More than one player in RTA's feeder fleet

Dubai's Road Transport Authority (RTA) has awarded contracts for "feeder buses" for the upcoming Metro to more than one player, said managing director of a company that recently supplied 518 buses to the authority.

"As of now, between us and Mercedes, there are about 750 buses," Samar Roy, MD, Al Naboodah Commercial Group, told Emirates Business.

Al Naboodah Commercial Group is supplying buses manufactured by VDL, a Dutch company.

The buses are part of the RTA's strategy to ensure that the maximum time a person needs to walk to avail Metro service is 10 minutes.

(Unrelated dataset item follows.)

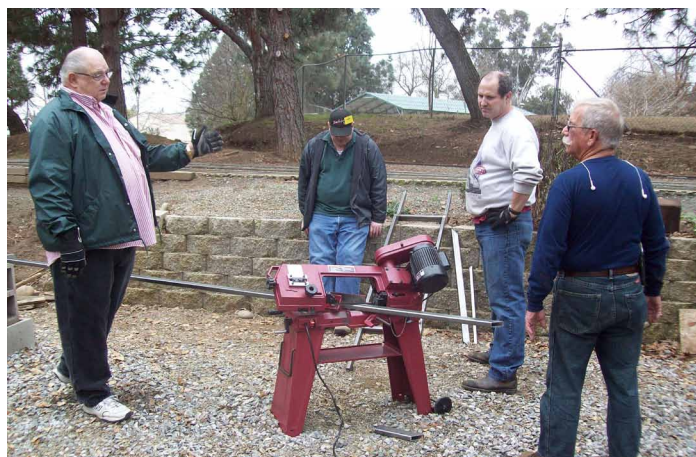
Even a powered hack saw takes many members to insure it is cutting straight.

Now that this new irrigation project is completed one area that is hard to water and mow is the small flat area east of North Midway Siding, next to the grain building. What would be nice is a member with a little building talent to build some more buildings to fill in that area. It would add some more appeal to the area and is a great project to do at home. A great way to contribute when you can't make it to the work days. Come on talented members. Let's think of something cool to fill in the space.

"That's from a person's residence to the point where he can hop on to a feeder bus to carry him over to the nearest Metro station," said Roy.

Clarifying a confusion in the market over the contract terms of the RTA, in which the deal for maintenance was valued higher than the price of the buses, Roy said the valuations vary as maintenance will be carried out over a period of eight years and as stringent norms have been established for maintenance.

"There is a clause in the contract that on any particular day, 95 per cent of our buses need to be on the roads. It's an achievable task and we investing for it, which includes setting up a workshop," Roy said.

While the total cost of the VDL buses was put at $850 million, the maintenance contract for them was estimated to be $1.05 billion, and these figures raised eyebrows in the market.

The first batch of these buses will be supplied next week, said Roy.

Besides Dubai, the company is looking forward to tender for business in Abu Dhabi, he added.

In Dubai, the RTA operates about 700 buses and expects to increase this to 2,000 by the time the Metro's Red Line opens in September.

In Abu Dhabi, the Department of Transport expects to have 1,360 buses on the road by the end of next year.

The plan to have the "feeder buses" in Dubai had evolved three years before Dubai went ahead with its Metro project, said Roy.

"It is the result of a study of cities where similar transport system exists. Ten minutes is the standard period of time that a person needs to travel to take public transport," said Roy.